### WORK TO COMPLETE
Retype the listing below line for line, but only from the line with "XL 42 beden" down to the line with "Description: Joseph embraces", inclusive. Pictures stay out.

── EXERCISE INPUTS

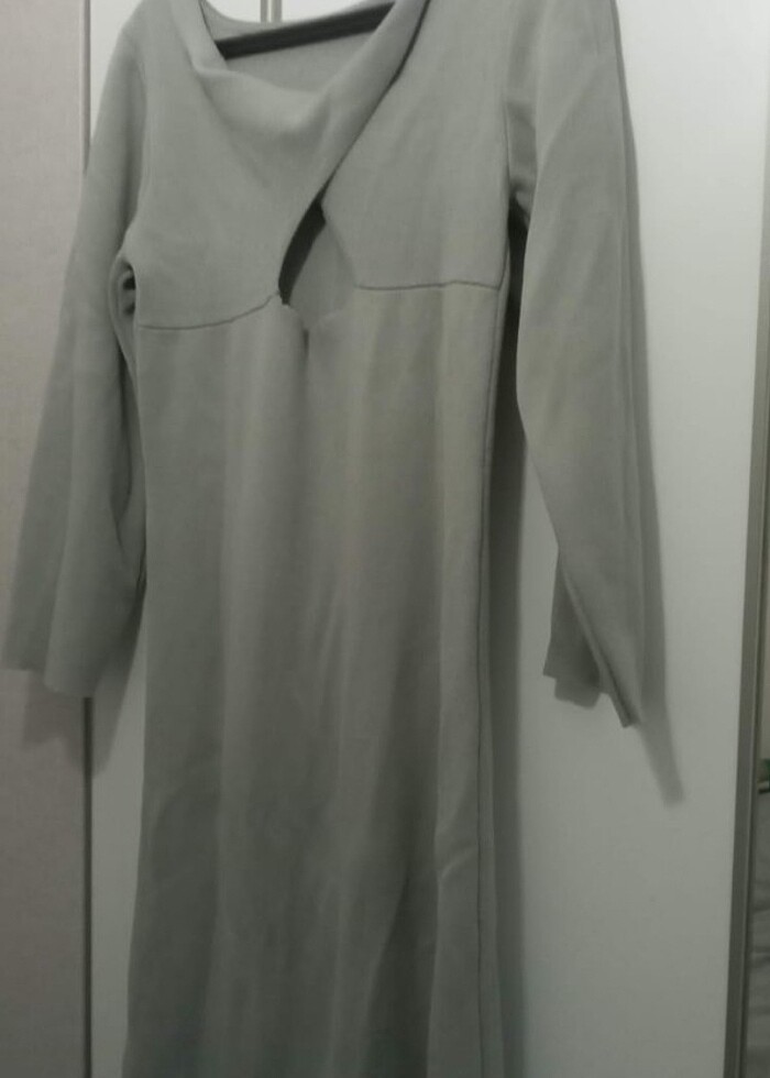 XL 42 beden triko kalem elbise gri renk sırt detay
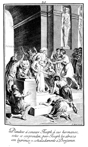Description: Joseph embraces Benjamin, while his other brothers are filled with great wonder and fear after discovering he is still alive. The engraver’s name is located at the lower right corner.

────
── EXERCISE INPUTS

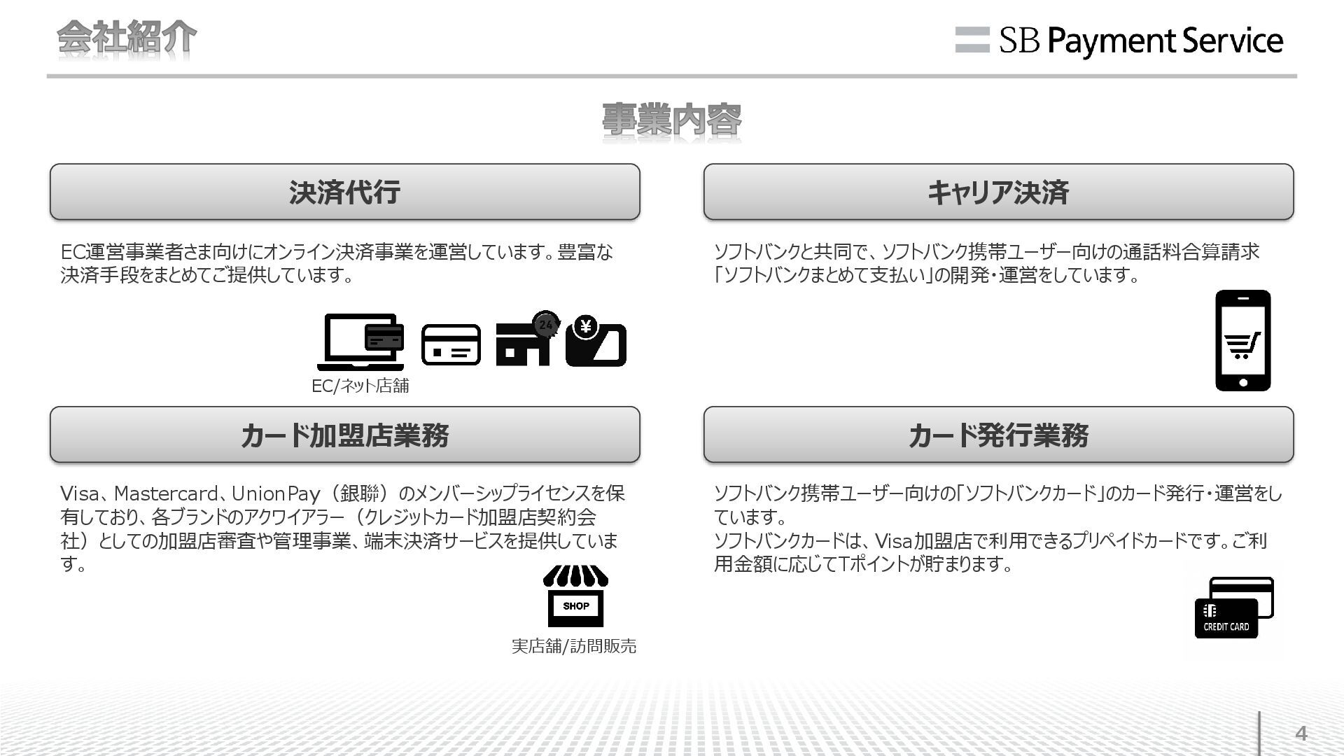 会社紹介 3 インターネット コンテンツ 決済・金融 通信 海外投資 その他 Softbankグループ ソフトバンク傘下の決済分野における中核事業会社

────

### WRITTEN RESPONSE
 XL 42 beden triko kalem elbise gri renk sırt detay
Description: Joseph embraces Benjamin, while his other brothers are filled with great wonder and fear after discovering he is still alive. The engraver’s name is located at the lower right corner.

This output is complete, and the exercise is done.